╔══

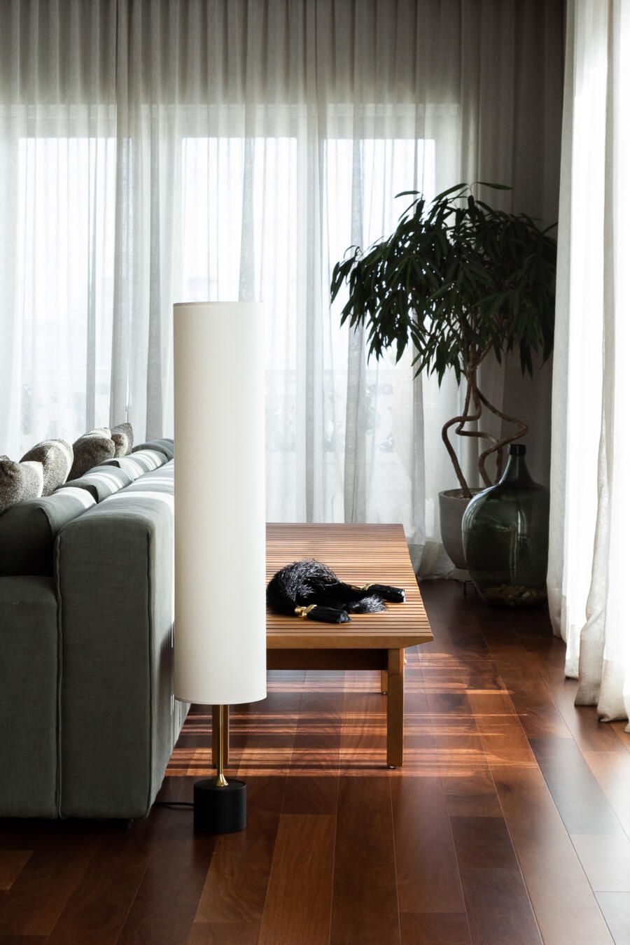 “O cliente desde o começo demonstrou gostar de uma luz mais calma, aconchegante. Por isso, todas as luminárias de mesa e piso estão conectadas a tomadas comandadas (ou seja, aquelas que podem ser acionadas pelos interruptores). No dia a dia, o cliente utiliza mais essa luz difusa, acionando a iluminação do teto somente quando necessário. O sistema de som também possui este conforto, podendo funcionar na casa toda ou em ambientes isolados. Além disso, as persianas dos quartos são automatizadas.”
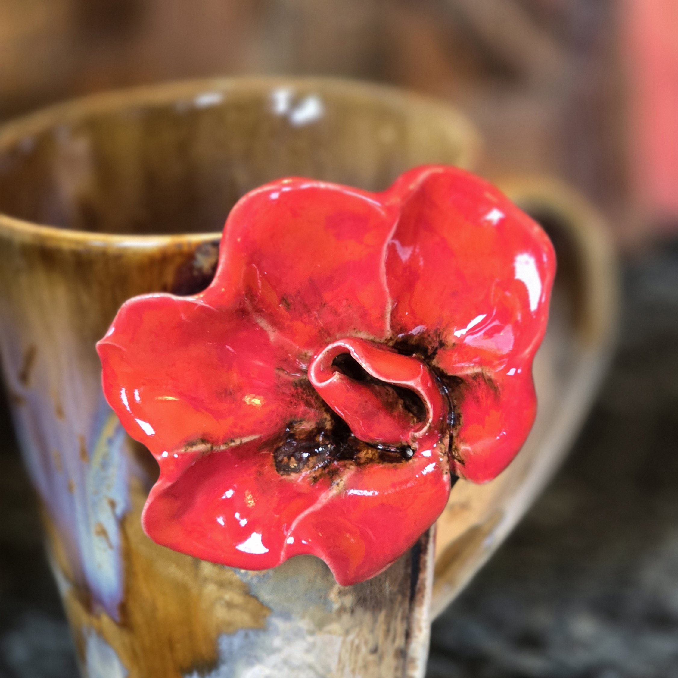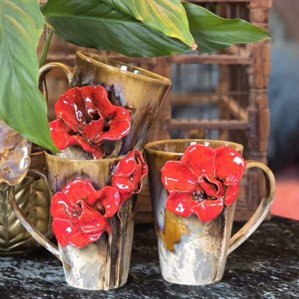 Savilehe tehnikas meisterdatud tass, millele on lisatud käsitsi voolitud roosiõis või mitu. Iga tass on unikaalne ja valmib ainueksemplarina. Omapära ning karakteri toome tassidel esile kuni 8 erineva glasuurikihiga.
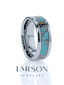 PIERRE Men’s Polished Tungsten Wedding Band with Light Blue Turquoise Stone Inlay & Polished Beveled Edges - 8mm
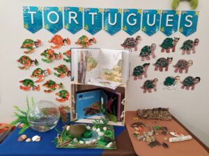Hem decorat la porta de la classe per a què tothom sàpiga com ens diem i hem fet un racó amb diferents coses de tortugues que anem ampliant a mida anem treballant el tema.
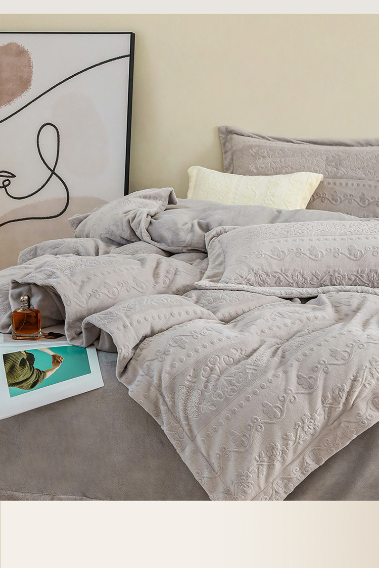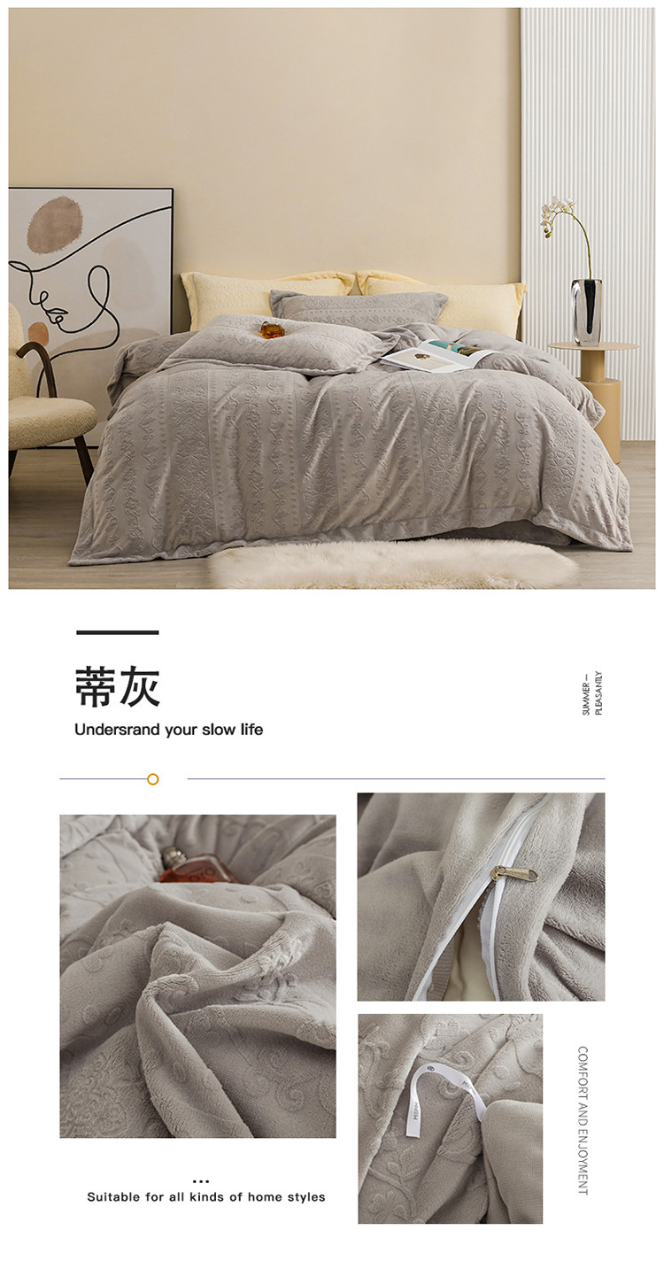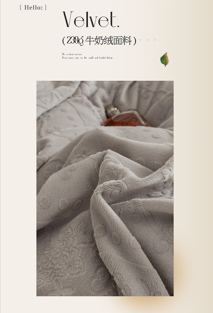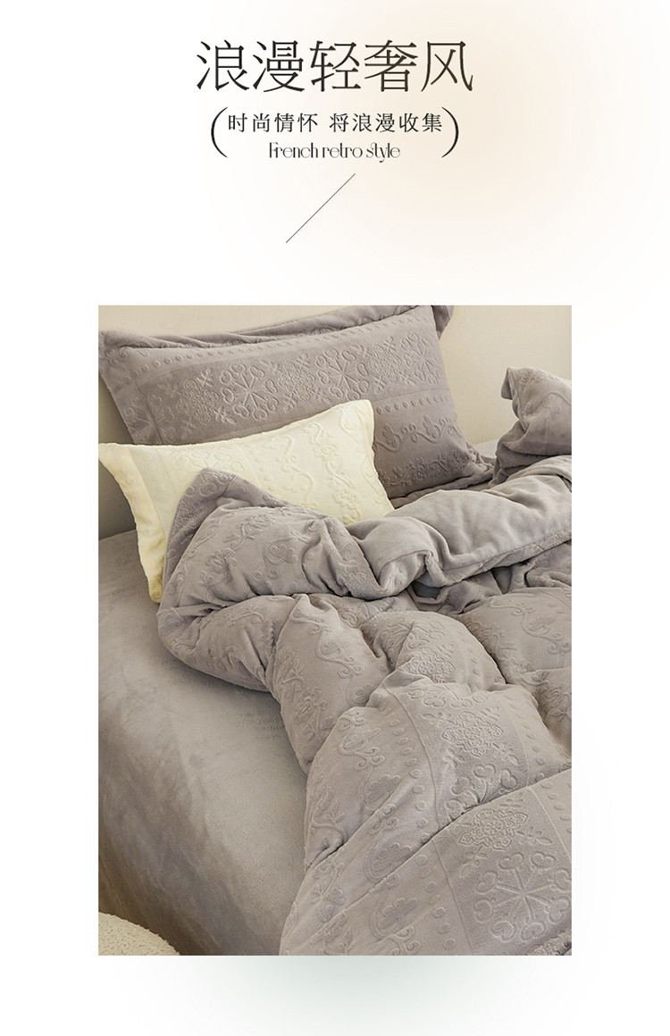名品优仓 2022新款辛西娅系列230g牛奶绒雕花四件套 辛西娅-蒂灰
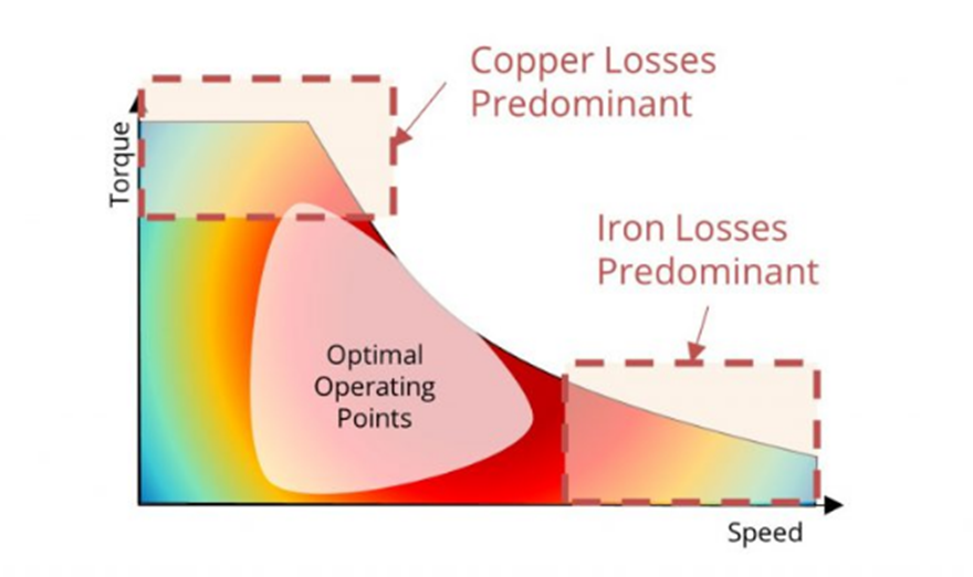 모터의 디자인에 따라 동손 보다 철손이 많이 발생하는 구간이 위와 같이 나타나기도 합니다.
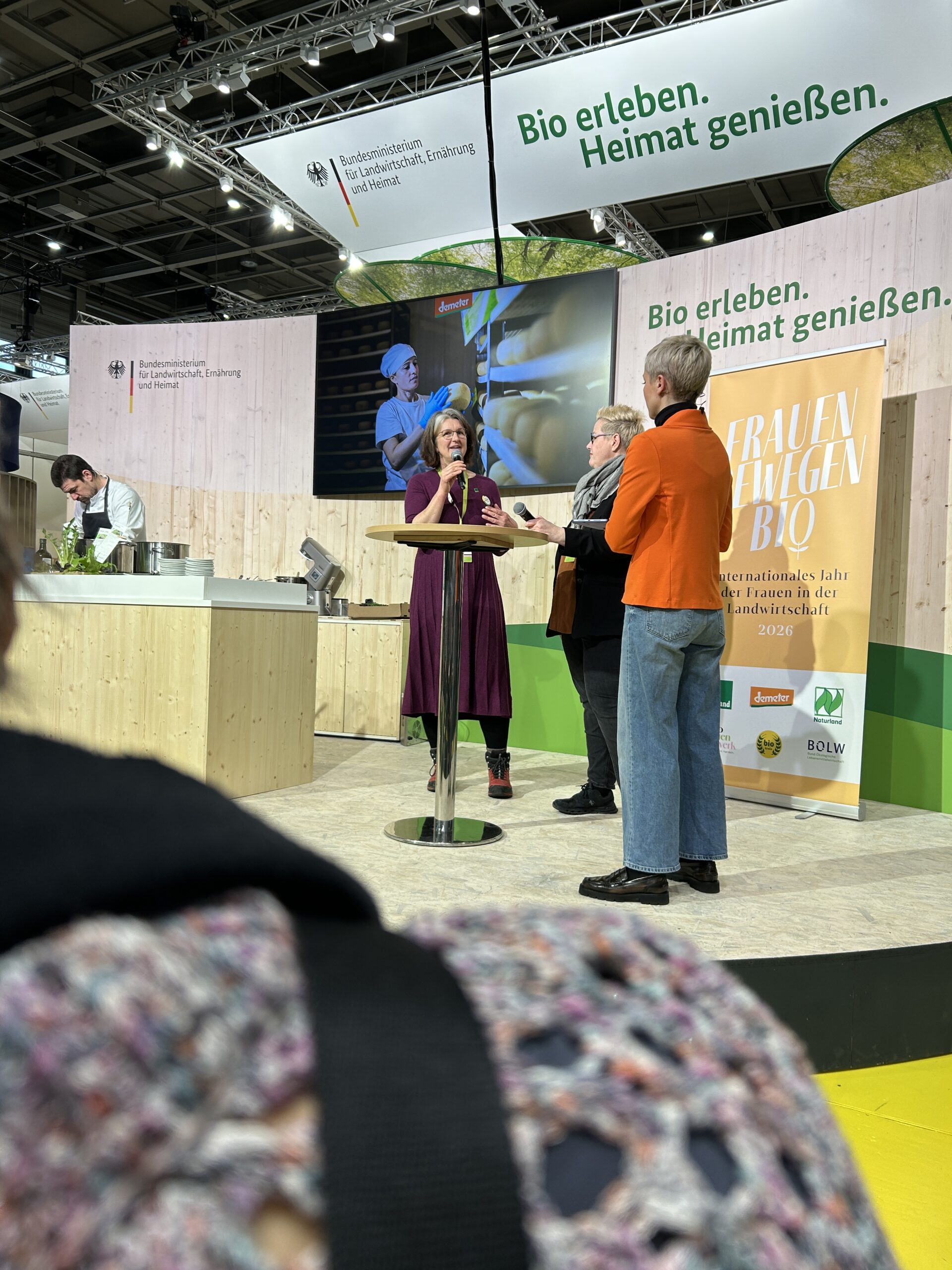 präsentiert sich jedes Jahr mit großem Messestand und attraktivem Bühnenprogramm in der Bio-Halle der Grünen Woche in Berlin. Der BÖL-Messeauftritt ist dabei das kommunikative Zentrum der Bio-Halle. Und das mit bestem „Biotainment“: mit großem Messestand, attraktivem Bühnenprogramm, tollen Kochshows, lehrreichen Mini-Workshops, leckeren Probierportionen, Diskussion und Austausch mit Bio-Bäuerinnen und -Bauern, mit Forschungsteams, Akteuren aus Bio-Städten und Bio-Wertschöpfungsketten. Das Ziel: Anlaufstelle für alle Bio-Akteure und -Interessierte auf der Messe zu sein, zudem BÖL-Projekte praxisnah vorzustellen und so den gesamten Weg der Bio-Lebensmittel vom Acker bis auf den Teller erlebbar und nahbar machen.
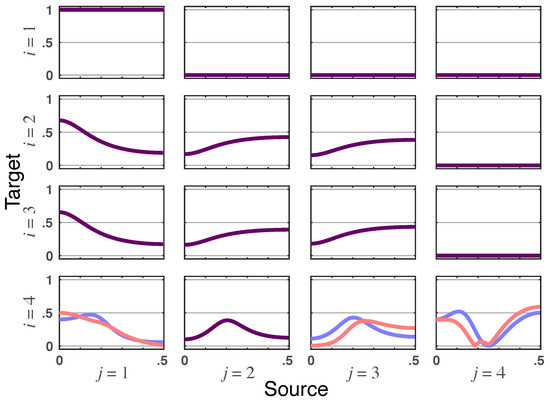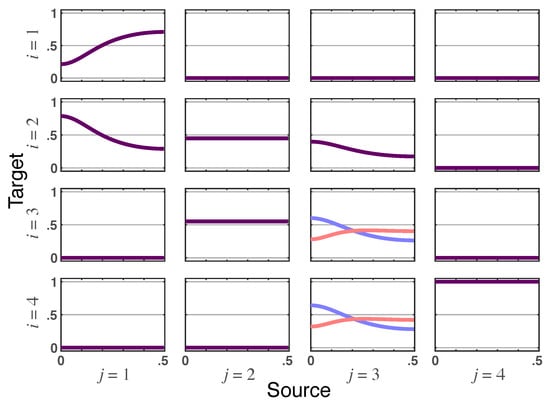 Squared PDC— (blue) and total PDC magnitude— (red) plots, indicated as dark purple lines when traces coincide, from Example 3. Observe that points to a lack of total G-connectivity from to .

╚══

WHAT IS BEING ASKED:
Would you retype exactly the lines running from the line that contains "Savilehe tehnikas meisterdatud" through the end of the listing above, both included? Skip every picture.

TASK RESULT:
 Savilehe tehnikas meisterdatud tass, millele on lisatud käsitsi voolitud roosiõis või mitu. Iga tass on unikaalne ja valmib ainueksemplarina. Omapära ning karakteri toome tassidel esile kuni 8 erineva glasuurikihiga.
 PIERRE Men’s Polished Tungsten Wedding Band with Light Blue Turquoise Stone Inlay & Polished Beveled Edges - 8mm
Hem decorat la porta de la classe per a què tothom sàpiga com ens diem i hem fet un racó amb diferents coses de tortugues que anem ampliant a mida anem treballant el tema.
名品优仓 2022新款辛西娅系列230g牛奶绒雕花四件套 辛西娅-蒂灰
 모터의 디자인에 따라 동손 보다 철손이 많이 발생하는 구간이 위와 같이 나타나기도 합니다.
 präsentiert sich jedes Jahr mit großem Messestand und attraktivem Bühnenprogramm in der Bio-Halle der Grünen Woche in Berlin. Der BÖL-Messeauftritt ist dabei das kommunikative Zentrum der Bio-Halle. Und das mit bestem „Biotainment“: mit großem Messestand, attraktivem Bühnenprogramm, tollen Kochshows, lehrreichen Mini-Workshops, leckeren Probierportionen, Diskussion und Austausch mit Bio-Bäuerinnen und -Bauern, mit Forschungsteams, Akteuren aus Bio-Städten und Bio-Wertschöpfungsketten. Das Ziel: Anlaufstelle für alle Bio-Akteure und -Interessierte auf der Messe zu sein, zudem BÖL-Projekte praxisnah vorzustellen und so den gesamten Weg der Bio-Lebensmittel vom Acker bis auf den Teller erlebbar und nahbar machen.
 Squared PDC— (blue) and total PDC magnitude— (red) plots, indicated as dark purple lines when traces coincide, from Example 3. Observe that points to a lack of total G-connectivity from to .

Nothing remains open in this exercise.